((
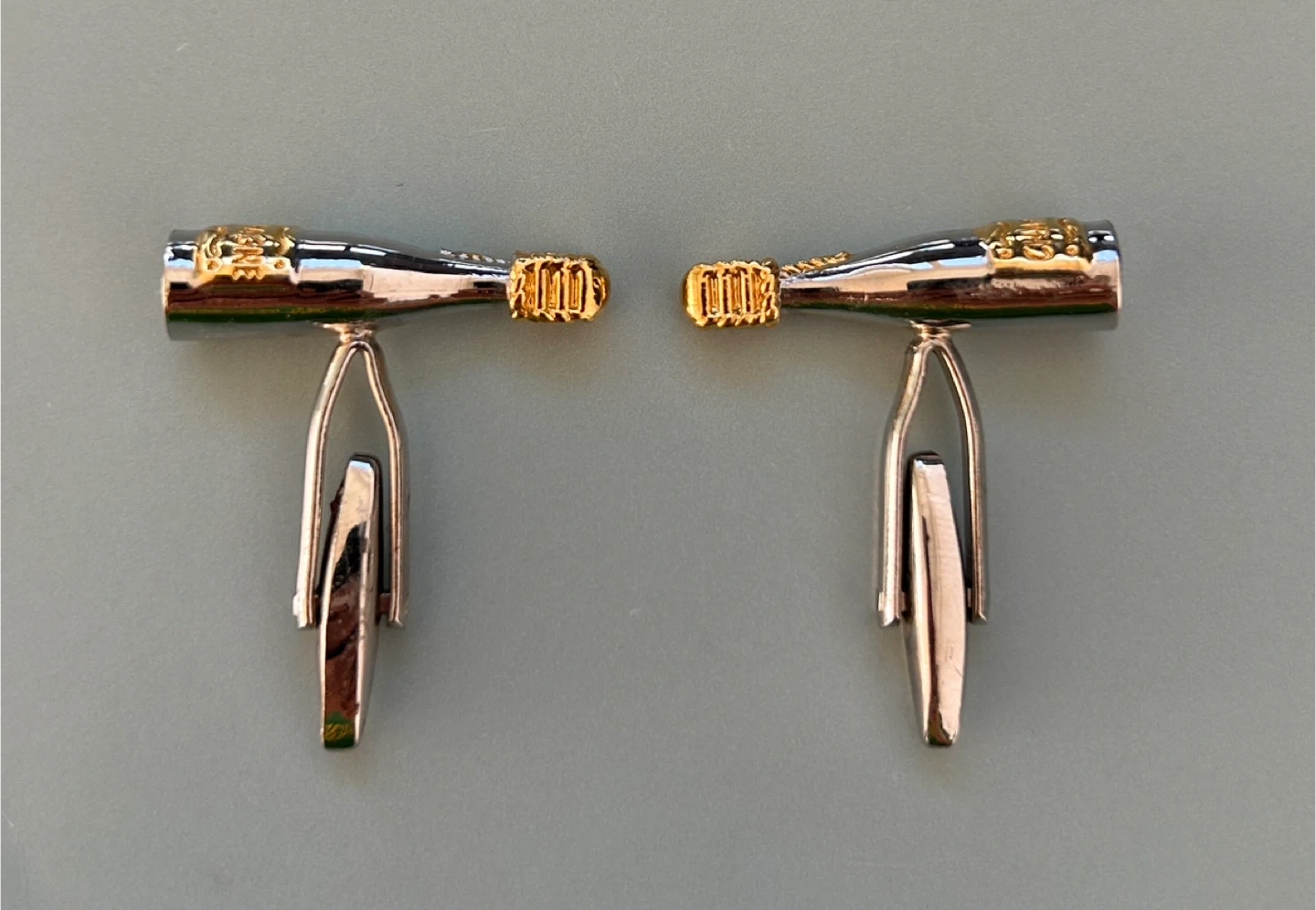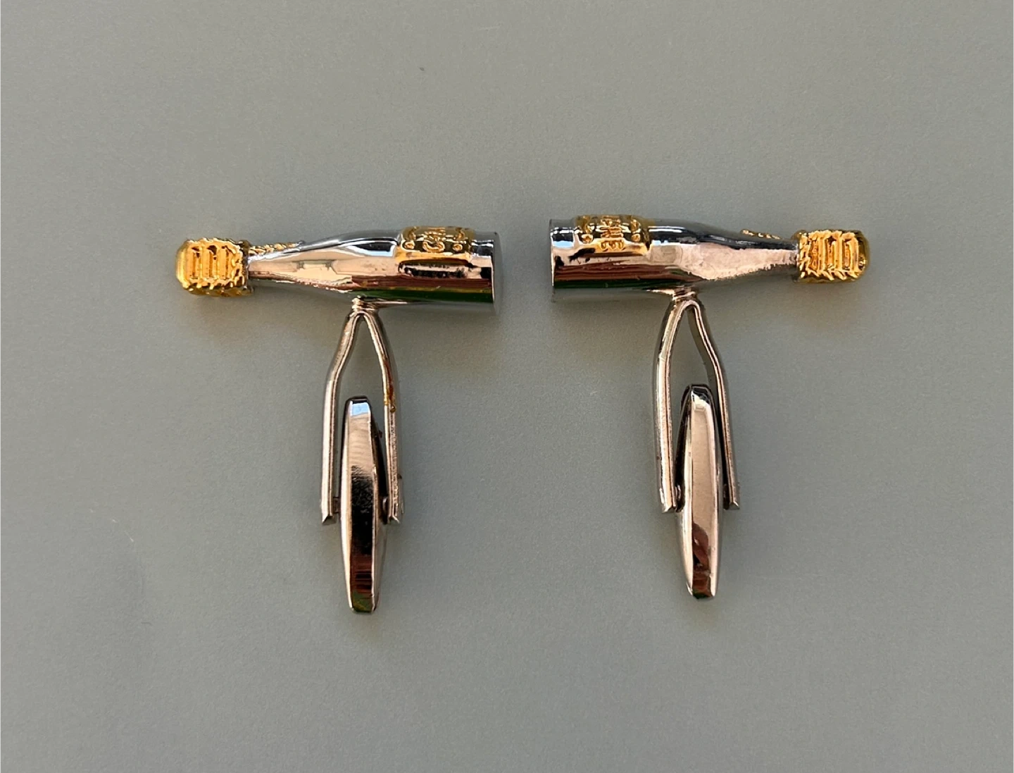 A pair of cufflinks designed to look like champagne bottles with gold accents. Silver-toned metal construction. These'd add a festive touch to any dress shirt!
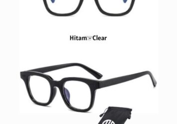 Kacamata Retro Hitam Frame dengan Lensa Clear Putih – Stylish & Nyaman
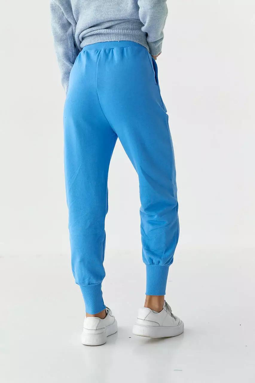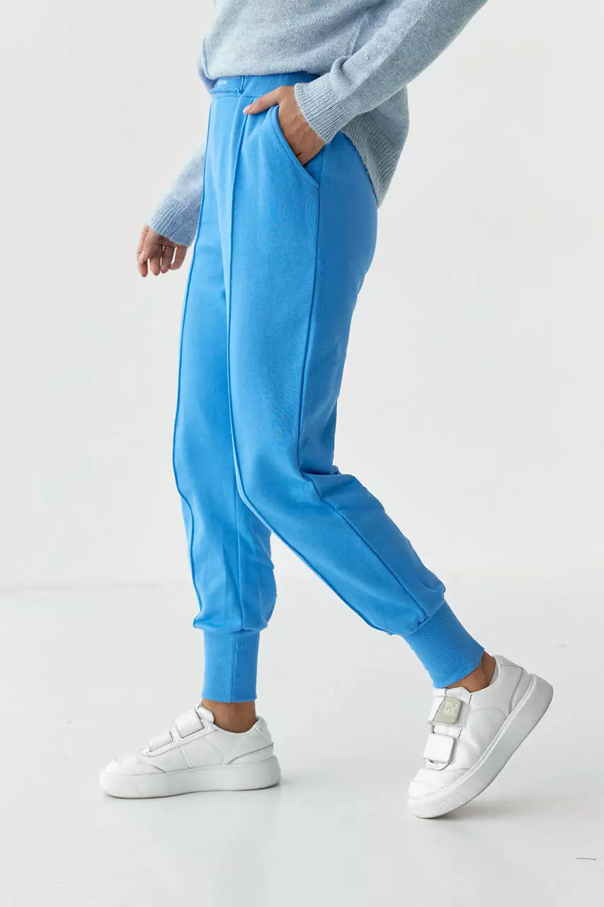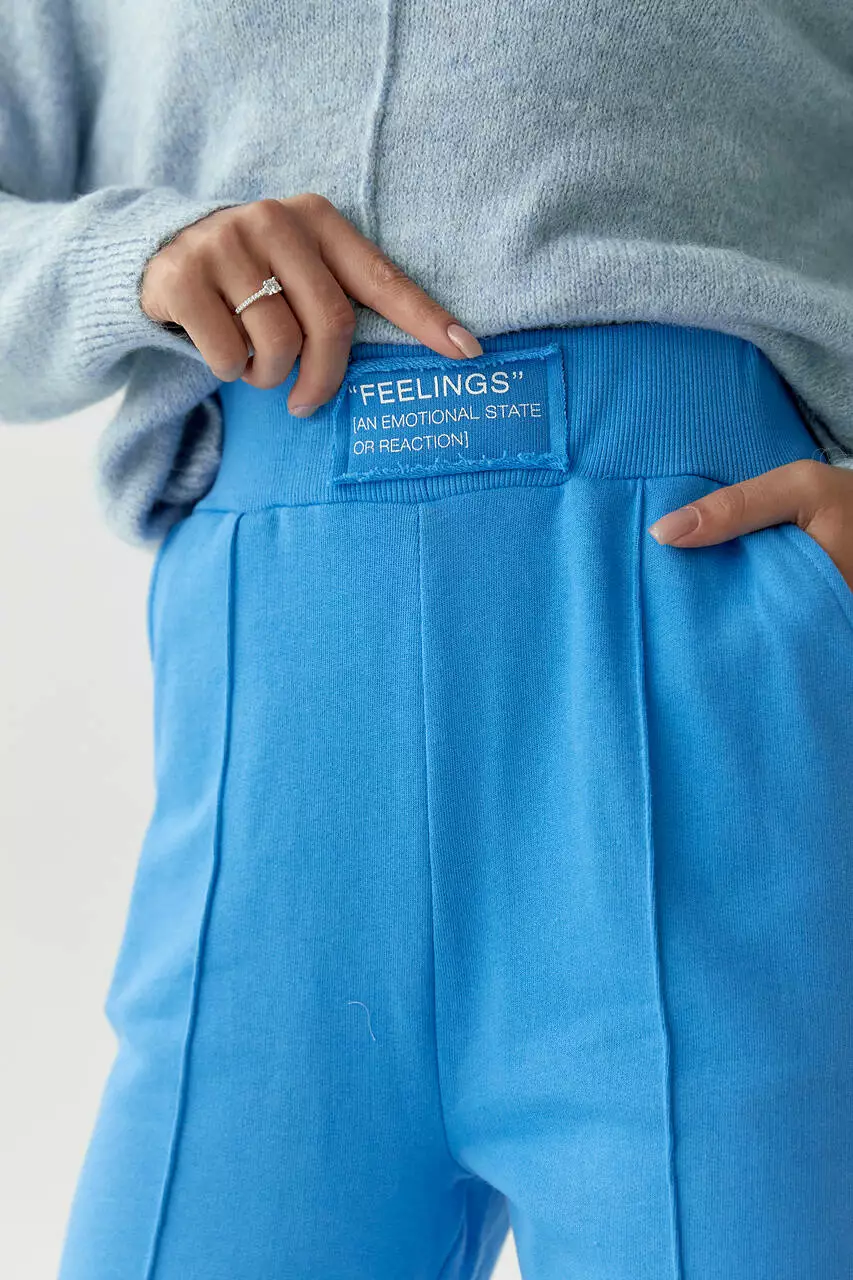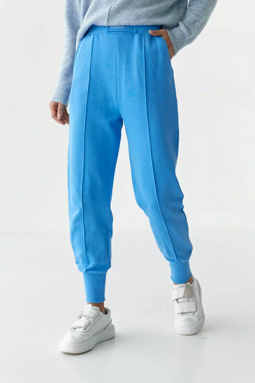 рубчик. В поясе вшита широкая резинка, а спереди расположена
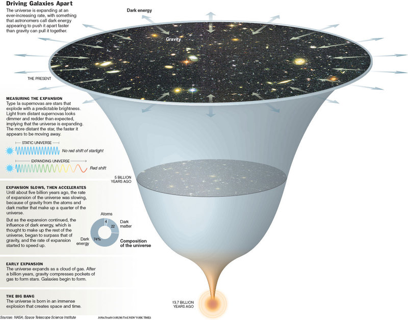 Through myriad techniques and observations, cosmologists have recently arrived, after decades of strife, at a robust but dark consensus regarding a cosmos in which stars and galaxies, as well as the humans who gawk at them, amount to barely more than a disputatious froth. It was born 13.7 billion years ago in the Big Bang. By weight it is 4 percent atoms and 22 percent so-called dark matter of unknown identity — perhaps elementary particles that will be discovered at the Large Hadron Collider starting up outside Geneva this year. That leaves 74 percent for the weight of whatever began causing the cosmos to accelerate about five billion years ago.
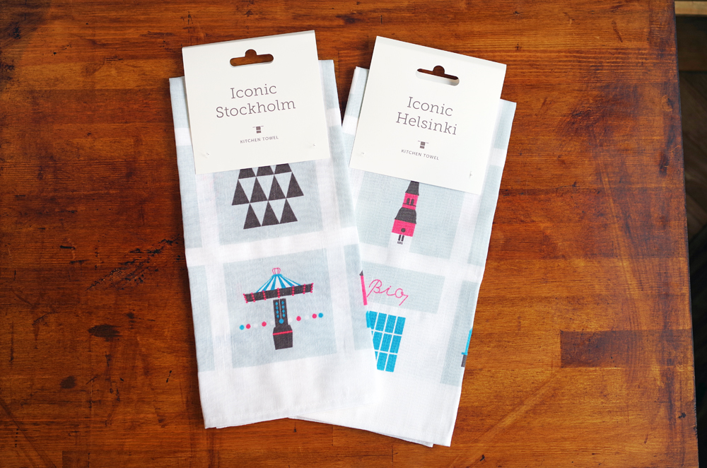 それぞれヘルシンキと、ストックホルムのアイコンとなる建物や風景が、シンプルかつ特徴的な図案デザインとして、プリントされてます。
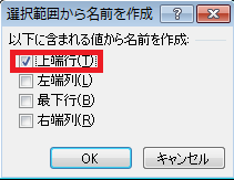 3.[選択範囲から名前を作成]ダイアログボックスで、
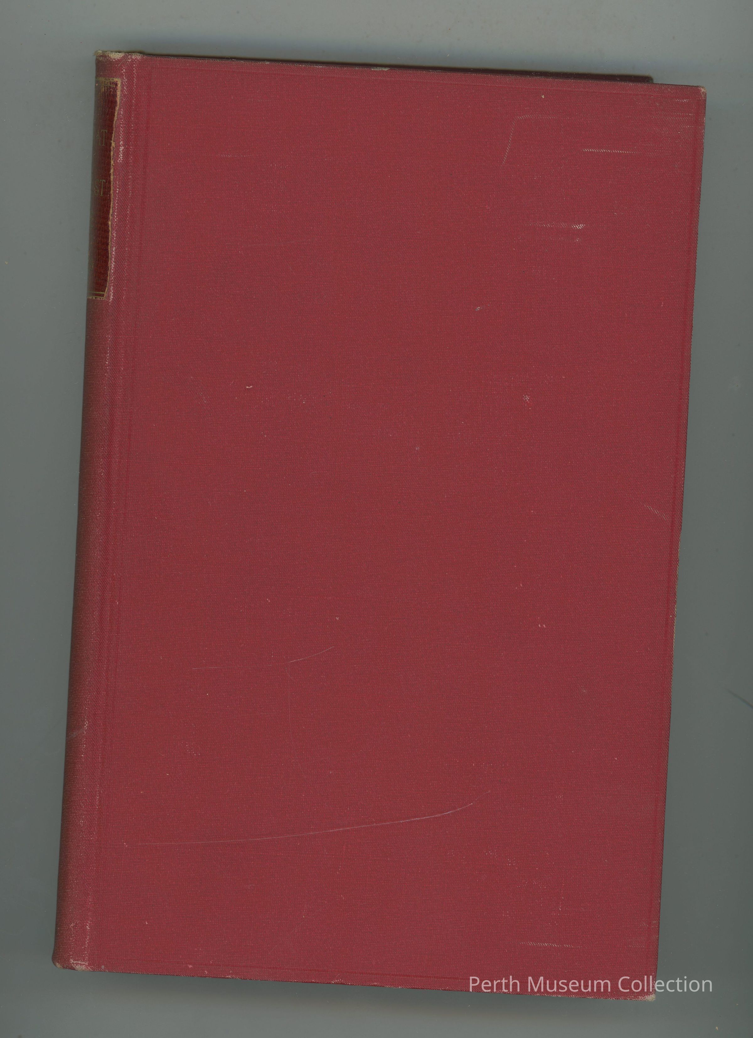 988.60.13 - Hardcover - 321 Pages - The book it red with a border pressed into the front around the edge. The title and author are printed on the spine in gold on a darker shade of red that is bordered in gold as well. Sides of pages are also gold.Dimensions
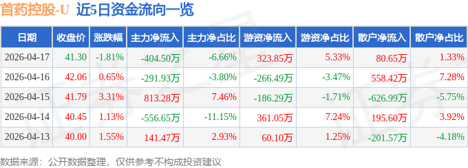 证券之星消息,截至2026年4月17日收盘,首药控股(688197)报收于41.3元,下跌1.81%,换手率2.3%,成交量1.47万手,成交额6076.8万元。
))
_Exercise objective_: Output the material word for word, and keep the pictures out.

_Expected output_:
 A pair of cufflinks designed to look like champagne bottles with gold accents. Silver-toned metal construction. These'd add a festive touch to any dress shirt!
 Kacamata Retro Hitam Frame dengan Lensa Clear Putih – Stylish & Nyaman
 рубчик. В поясе вшита широкая резинка, а спереди расположена
 Through myriad techniques and observations, cosmologists have recently arrived, after decades of strife, at a robust but dark consensus regarding a cosmos in which stars and galaxies, as well as the humans who gawk at them, amount to barely more than a disputatious froth. It was born 13.7 billion years ago in the Big Bang. By weight it is 4 percent atoms and 22 percent so-called dark matter of unknown identity — perhaps elementary particles that will be discovered at the Large Hadron Collider starting up outside Geneva this year. That leaves 74 percent for the weight of whatever began causing the cosmos to accelerate about five billion years ago.
 それぞれヘルシンキと、ストックホルムのアイコンとなる建物や風景が、シンプルかつ特徴的な図案デザインとして、プリントされてます。
 3.[選択範囲から名前を作成]ダイアログボックスで、
 988.60.13 - Hardcover - 321 Pages - The book it red with a border pressed into the front around the edge. The title and author are printed on the spine in gold on a darker shade of red that is bordered in gold as well. Sides of pages are also gold.Dimensions
 证券之星消息,截至2026年4月17日收盘,首药控股(688197)报收于41.3元,下跌1.81%,换手率2.3%,成交量1.47万手,成交额6076.8万元。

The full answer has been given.